● What you should do: The answer must be a single number: the count of lines in the records below that contain the word "Quinn".

● Information provided:
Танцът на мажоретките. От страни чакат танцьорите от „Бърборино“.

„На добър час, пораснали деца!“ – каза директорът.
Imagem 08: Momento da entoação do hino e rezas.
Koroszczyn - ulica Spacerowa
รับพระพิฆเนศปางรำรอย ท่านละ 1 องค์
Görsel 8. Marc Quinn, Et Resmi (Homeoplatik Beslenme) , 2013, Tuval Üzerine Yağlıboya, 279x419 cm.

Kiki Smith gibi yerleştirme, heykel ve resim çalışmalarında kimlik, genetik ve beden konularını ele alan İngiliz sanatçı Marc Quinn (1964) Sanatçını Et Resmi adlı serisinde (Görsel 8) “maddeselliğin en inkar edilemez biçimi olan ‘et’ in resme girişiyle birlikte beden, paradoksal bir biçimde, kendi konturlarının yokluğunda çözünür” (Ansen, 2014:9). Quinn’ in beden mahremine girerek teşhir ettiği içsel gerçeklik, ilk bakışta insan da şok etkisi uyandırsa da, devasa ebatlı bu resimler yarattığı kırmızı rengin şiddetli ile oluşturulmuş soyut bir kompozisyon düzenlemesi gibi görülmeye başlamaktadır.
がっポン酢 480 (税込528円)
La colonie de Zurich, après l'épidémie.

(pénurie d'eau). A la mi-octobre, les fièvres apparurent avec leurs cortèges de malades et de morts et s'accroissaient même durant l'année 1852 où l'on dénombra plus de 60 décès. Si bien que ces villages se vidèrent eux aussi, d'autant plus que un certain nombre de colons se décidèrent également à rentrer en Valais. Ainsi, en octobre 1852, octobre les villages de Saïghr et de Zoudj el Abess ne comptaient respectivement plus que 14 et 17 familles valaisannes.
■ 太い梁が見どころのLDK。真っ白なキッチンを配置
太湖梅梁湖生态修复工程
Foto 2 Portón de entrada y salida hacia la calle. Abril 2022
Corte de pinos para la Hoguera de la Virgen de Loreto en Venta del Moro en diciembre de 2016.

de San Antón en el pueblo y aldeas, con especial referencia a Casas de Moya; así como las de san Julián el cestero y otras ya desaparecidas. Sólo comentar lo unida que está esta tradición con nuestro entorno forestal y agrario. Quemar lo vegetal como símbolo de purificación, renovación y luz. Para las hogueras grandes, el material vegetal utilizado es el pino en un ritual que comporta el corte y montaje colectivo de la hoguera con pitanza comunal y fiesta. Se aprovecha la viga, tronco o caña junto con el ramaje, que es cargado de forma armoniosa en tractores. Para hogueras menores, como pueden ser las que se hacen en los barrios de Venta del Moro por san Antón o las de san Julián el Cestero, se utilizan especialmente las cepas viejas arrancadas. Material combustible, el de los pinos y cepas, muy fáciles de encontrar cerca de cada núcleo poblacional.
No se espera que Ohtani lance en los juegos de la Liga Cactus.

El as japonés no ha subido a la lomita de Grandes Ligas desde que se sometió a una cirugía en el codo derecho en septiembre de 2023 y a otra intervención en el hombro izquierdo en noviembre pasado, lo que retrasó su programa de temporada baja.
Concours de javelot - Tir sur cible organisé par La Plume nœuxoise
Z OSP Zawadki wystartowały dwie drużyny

--

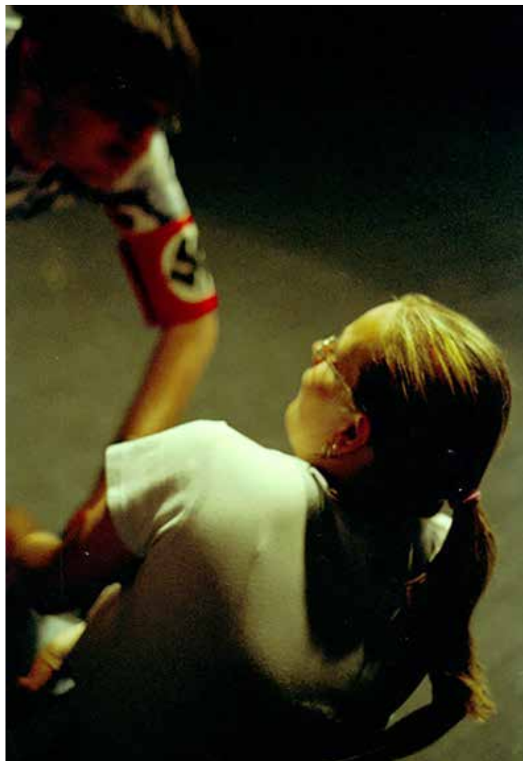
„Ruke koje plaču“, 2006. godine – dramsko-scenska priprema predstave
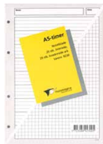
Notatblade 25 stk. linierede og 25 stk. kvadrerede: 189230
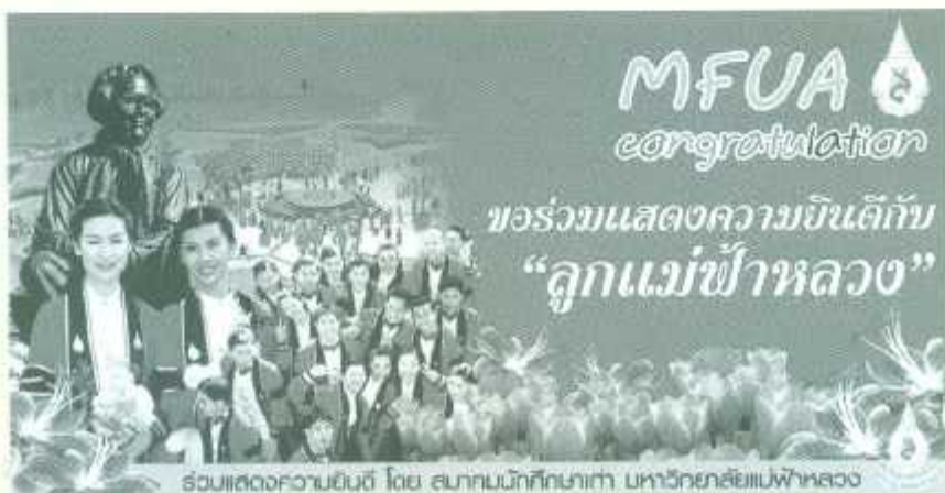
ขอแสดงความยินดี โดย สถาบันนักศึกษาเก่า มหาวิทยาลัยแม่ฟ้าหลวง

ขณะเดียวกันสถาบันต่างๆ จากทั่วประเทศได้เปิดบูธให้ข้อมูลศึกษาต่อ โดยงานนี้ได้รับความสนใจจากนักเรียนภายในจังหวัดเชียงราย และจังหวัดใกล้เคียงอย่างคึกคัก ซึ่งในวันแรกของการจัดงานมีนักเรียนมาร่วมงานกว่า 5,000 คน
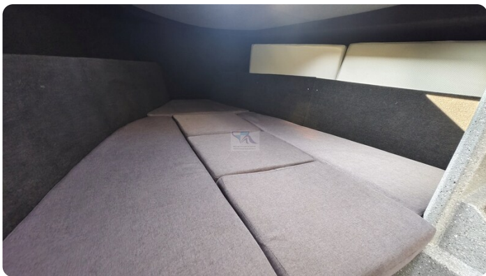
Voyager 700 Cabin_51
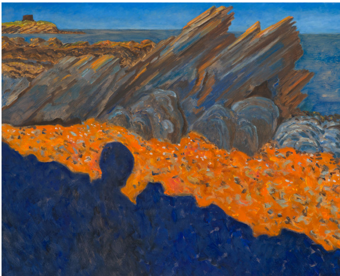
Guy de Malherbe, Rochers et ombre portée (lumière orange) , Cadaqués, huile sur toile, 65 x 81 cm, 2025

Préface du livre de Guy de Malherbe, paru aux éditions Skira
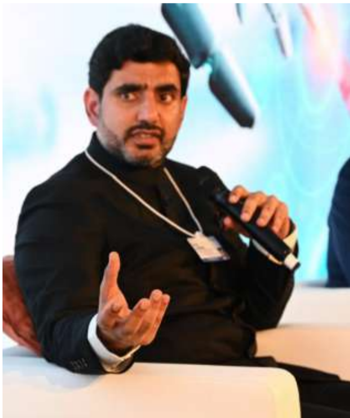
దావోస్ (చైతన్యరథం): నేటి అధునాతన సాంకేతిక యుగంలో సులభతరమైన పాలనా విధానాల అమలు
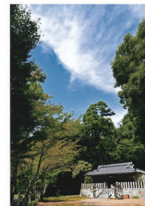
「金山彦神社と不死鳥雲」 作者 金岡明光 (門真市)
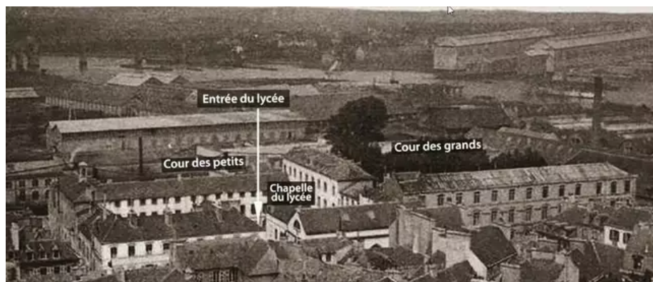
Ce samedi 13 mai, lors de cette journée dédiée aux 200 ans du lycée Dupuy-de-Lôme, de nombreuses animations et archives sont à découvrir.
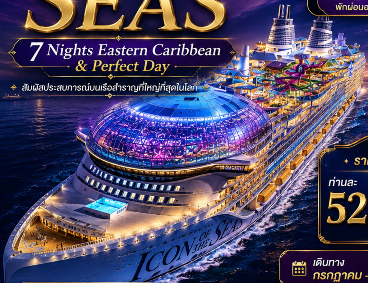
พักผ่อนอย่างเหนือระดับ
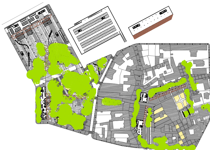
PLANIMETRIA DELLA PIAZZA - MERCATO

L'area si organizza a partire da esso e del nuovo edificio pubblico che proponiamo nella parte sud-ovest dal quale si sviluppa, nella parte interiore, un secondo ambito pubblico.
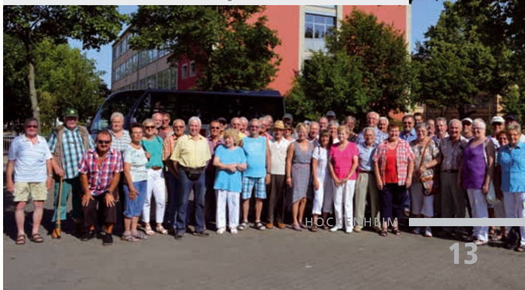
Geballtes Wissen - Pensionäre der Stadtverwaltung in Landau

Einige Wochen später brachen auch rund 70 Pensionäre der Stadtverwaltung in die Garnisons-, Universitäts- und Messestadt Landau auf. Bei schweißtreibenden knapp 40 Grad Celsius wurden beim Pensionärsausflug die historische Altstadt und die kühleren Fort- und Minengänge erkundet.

● Answer for this exercise: 2